Supremo Trambique Federal livrará Lula e acabará com a Lava Jato?

Segundo a coluna de Eliane Cantanhêde, no Estadão deste domingo (18), o STF caminha rapidamente para mudar seu nome de Supremo Tribunal Federal para Supremo Trambique Federal. Isto porque, de acordo com a jornalista, estaria em curso uma articulação para, com uma única cartada, acabar com a prisão em segunda instância, livra o ex-presidente Luiz Inácio Lula da Silva da cadeia, permitir que condenados na Lava Jato se safem e, por fim, ferir de morte a própria operação. O mentor intelectual de tamanha desfaçatez seria o ex-presidente do STF e atual advogado de Lula, Sepúlveda Pertence. Considerada “engenhosa” pelos ministros, a manobra tem como mérito unir todos – quem é contra Lula se beneficiaria também, e quem é a favor de Lula consideraria que salvá-lo é mais importante que afundar a Lava Jato.

Em linhas gerais, a manobra pretende reverter o resultado da própria votação do STF que autorizou, por 6 votos a 5, a prisão em segunda instância, realizada em dezembro de 2016 com base numa liminar de outubro daquele ano. Como o acórdão daquela votação só foi publicado agora em 7 de março, abriu-se o prazo legal para embargos de declaração. E – que coincidência! – não é que um embargo foi apresentado pelo Instituto Ibero Americano de Direito Público em 14 de março? Esse será o “cavalo de troia” que permitirá ao STF mudar seu entendimento sobre a prisão em segunda instância. O pressuposto é que o ministro Gilmar Mendes mude de lado, como já avisou que faria, invertendo o placar para 6 a 5 contra a prisão.

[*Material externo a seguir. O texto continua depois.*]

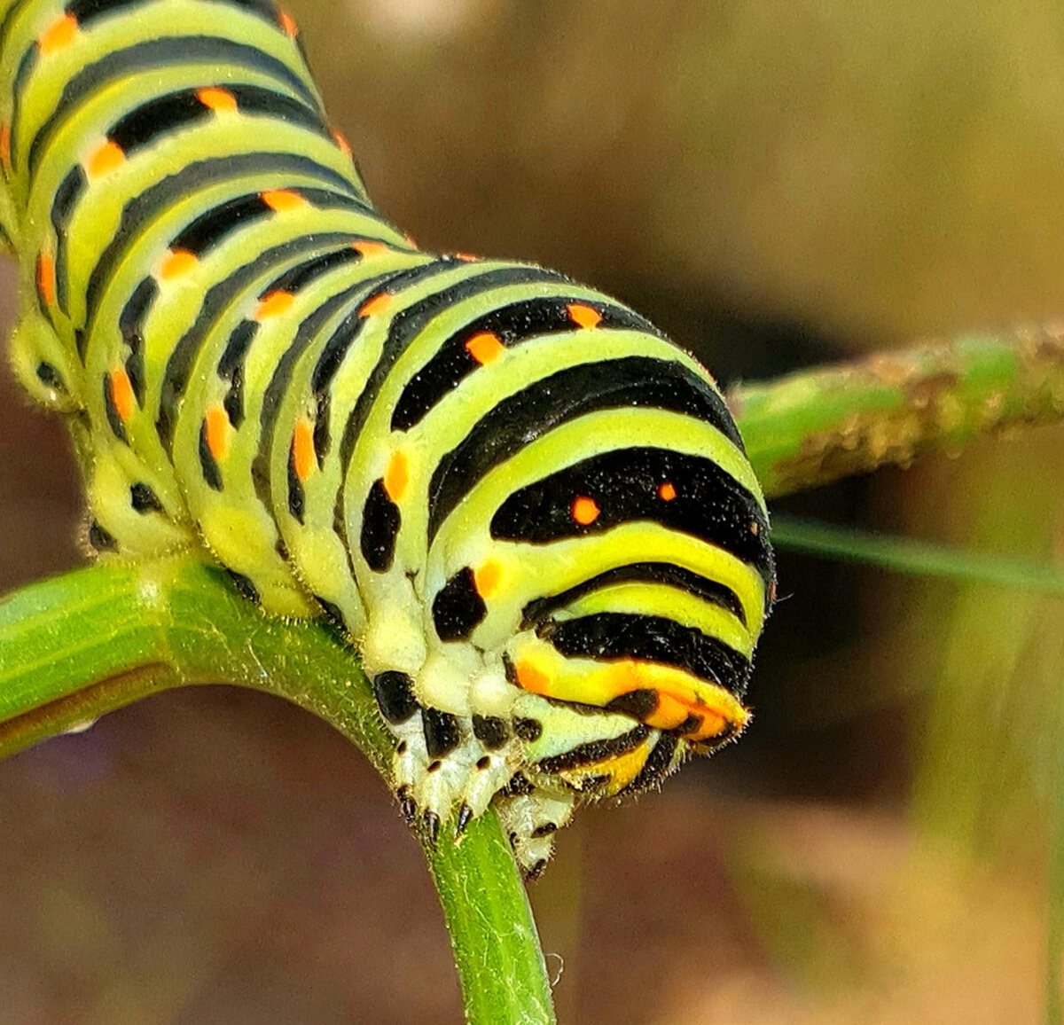 Махаон - самая большая и красивая бабочка. Гусеницы этой бабочки, не менее красивы. На второй стадии развития приобретают зелёный цвет, с поперечными чёрными полосками и оранжевыми пятнами. Размеры достаточно крупные. Питаются гусеницы растениями семейства зонтичных(кориандр, укроп, кинза, морковь, пастернак). Также гусеницы не откажутся и от культур произрастающих на огородах.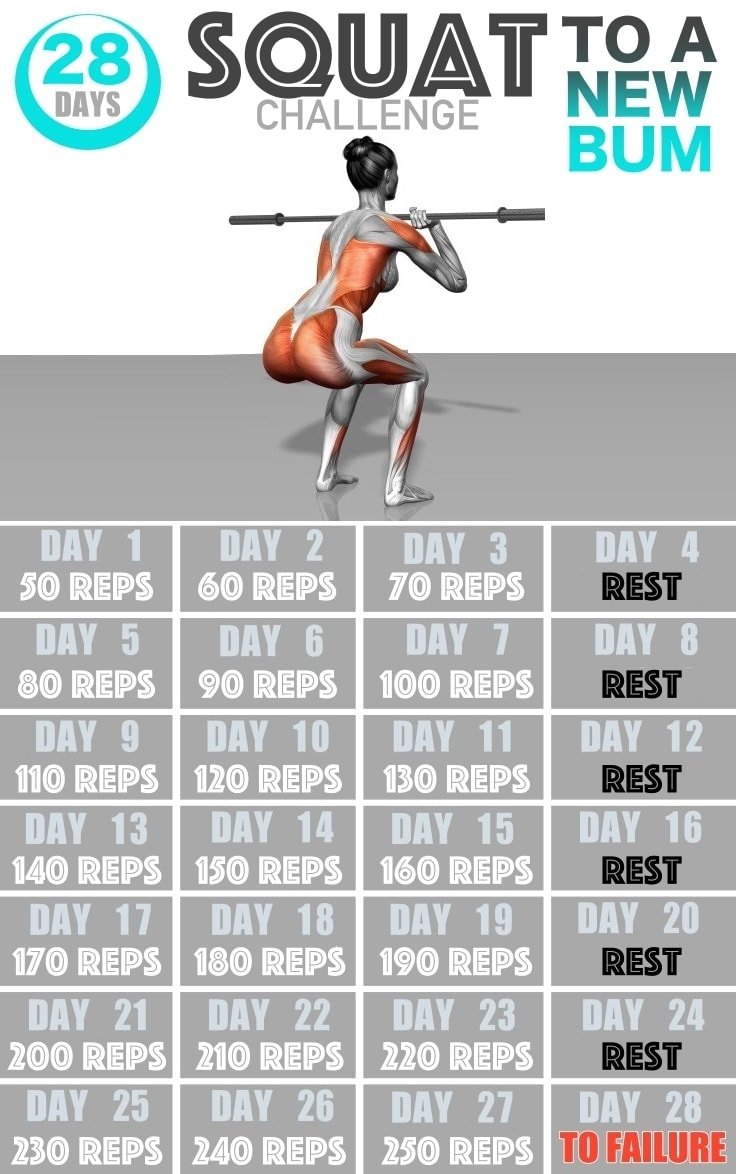 If you believe this 28-day squat challenge is too much for you, just do as many squats as you can every day of the challenge. Try to really push your limit on the last day of the challenge.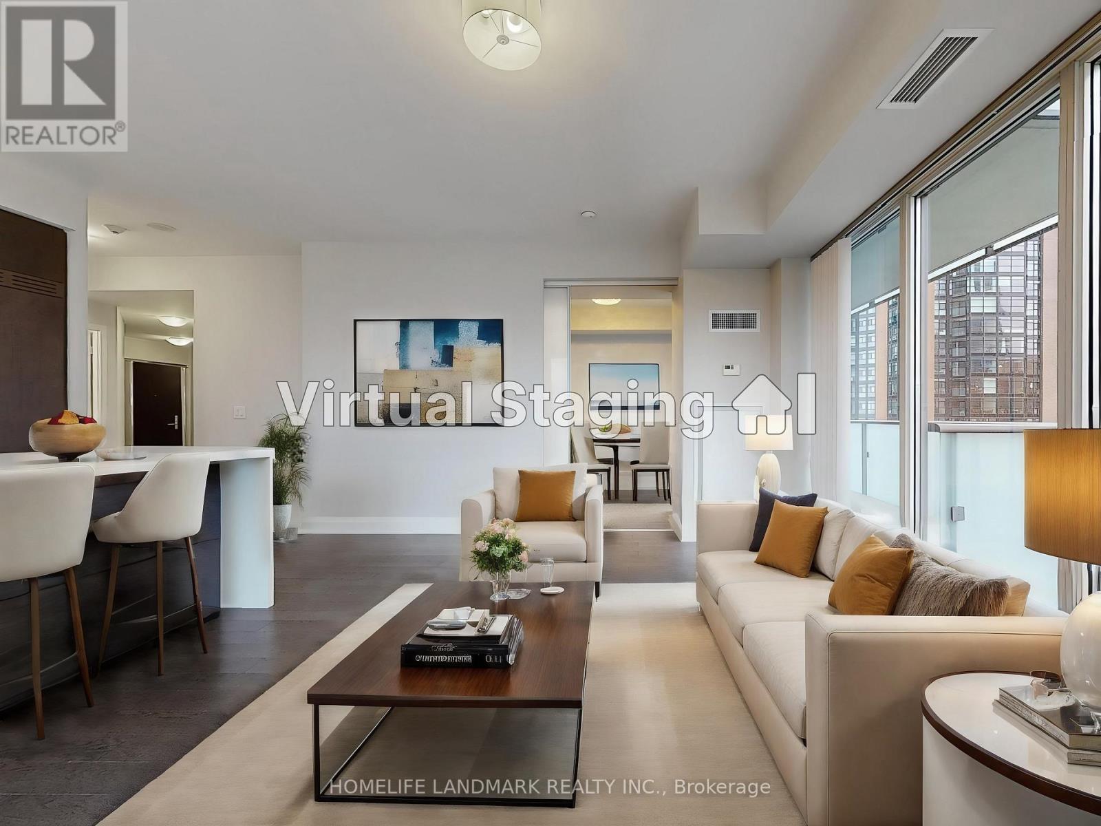 Rarely offered corner unit at U Condos with parking and locker included. This spacious 892 sq.ft. 2-bedroom, 2-bathroom suite features a highly desirable split-plan layout perfect for roommates or a home office setup. High-end upgrades include wide-plank hardwood flooring, a modern kitchen with dark cabinetry and integrated appliances, and floor-to-ceiling windows that flood the space with natural light. The standout feature is the massive wrap-around balcony offering panoramic corner views. Unbeatable location next to St. Michael's College and U of T, with easy access to the subway and financial district. Building amenities include a gym, party room, and rooftop terrace. (id:4555)
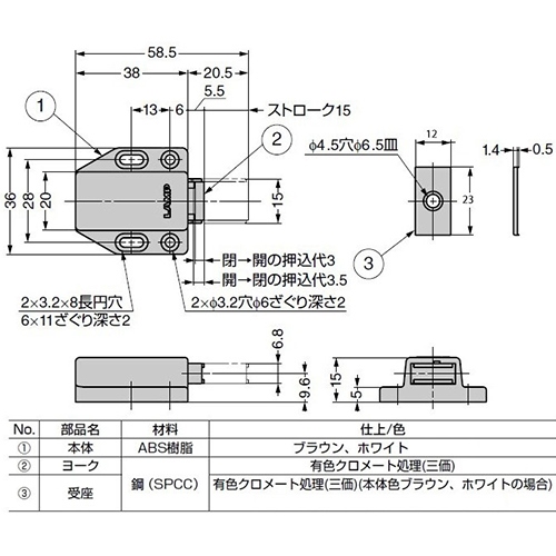 ●吸着力…1.6kg●カラー…ホワイト●材質…ABS、スチール●穴径…3.2×8mm、3.2mm、4.5mm●付属品…受座、十字穴付丸木ねじ3.1×13 (4本)、十字穴付皿木ねじ2.7×13 (1本) 有色クロメート処理(三価)●重量…22g●指先で軽く押すだけで扉の開閉が可能です。●参考在庫数・商品詳細・サイズ情報はメーカー(参考)URLからもご確認いただけます。 ●最小出荷単位: 1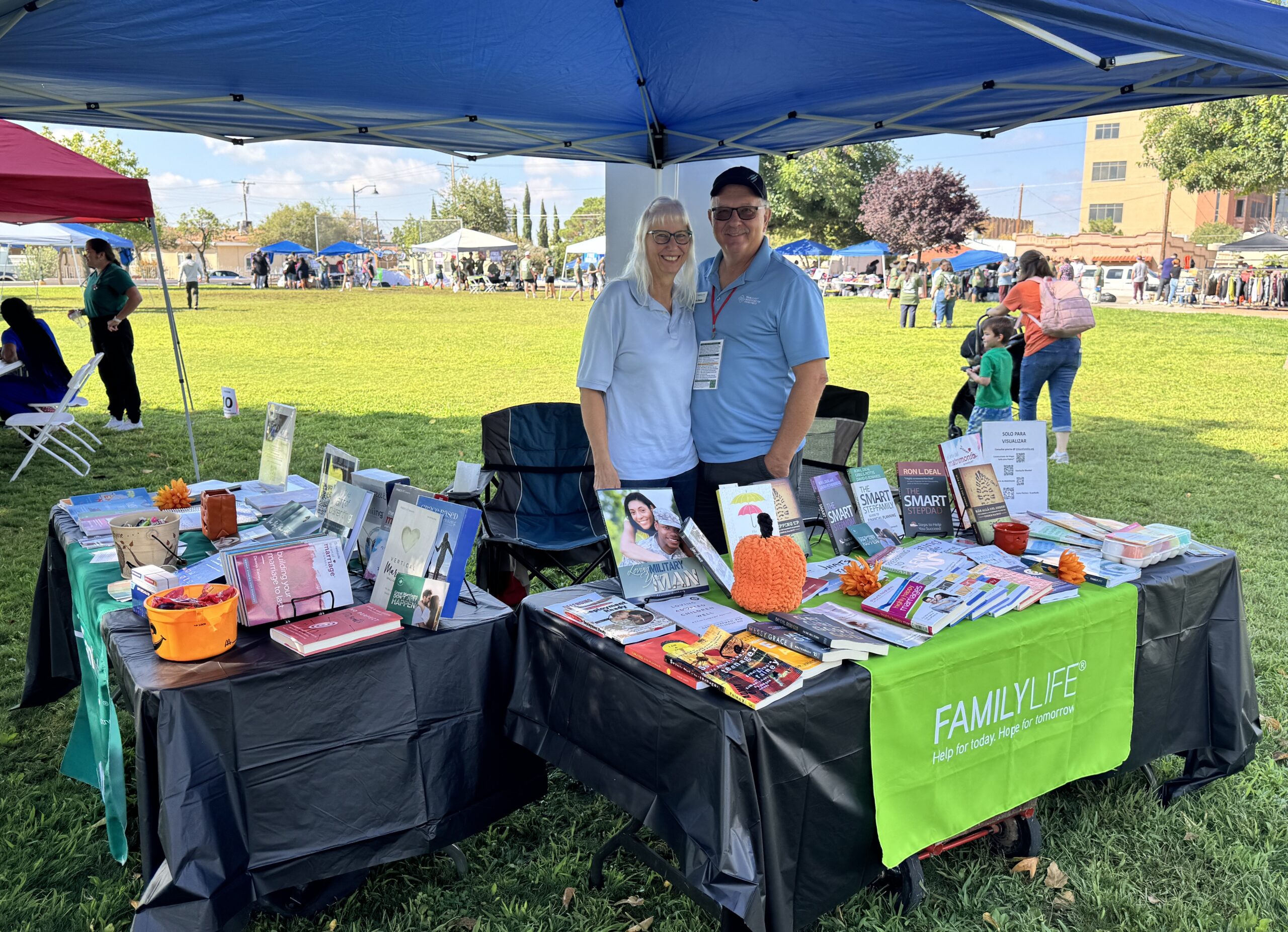 In partnership with FamilyLife, a ministry of Cru), Thrive City is trying to be visible in creative ways in and around Las Cruces and southern NM. Here are Tim & Sheila Steele (NM FL’s Ministry Reps and TCC members) hosting a Marriage & Family” resource booth at a local community outreach.

Esse pressuposto já é dado como certo. Gilmar Mendes nunca se intimidou com a opinião pública. A pretexto de zelar pela lei, sente-se à vontade para se pronunciar conforme as suas conveniências. Já escrevi, aqui no Storia, que ainda veríamos Lula agradecer a Gilmar (um desafeto histórico) por livrá-lo da cadeia. Parece que, infelizmente, estamos mais perto disso do que supomos.

Tal líder, tal liderado

O segundo pressuposto é que a população assista a tudo quietinha. Ao que parece, também parece factível, dada a convergência de interesses políticos em torno do assunto. Da direita à esquerda, praticamente todos os partidos estão enrolados com a Lava Jato. Logo, pouquíssimos teriam a isenção ou o interesse de convocar manifestações contra essa maracutaia. O problema, aqui, é que os partidos “isentos” são meros serviçais das legendas maiores. É improvável que protestem contra tudo isso.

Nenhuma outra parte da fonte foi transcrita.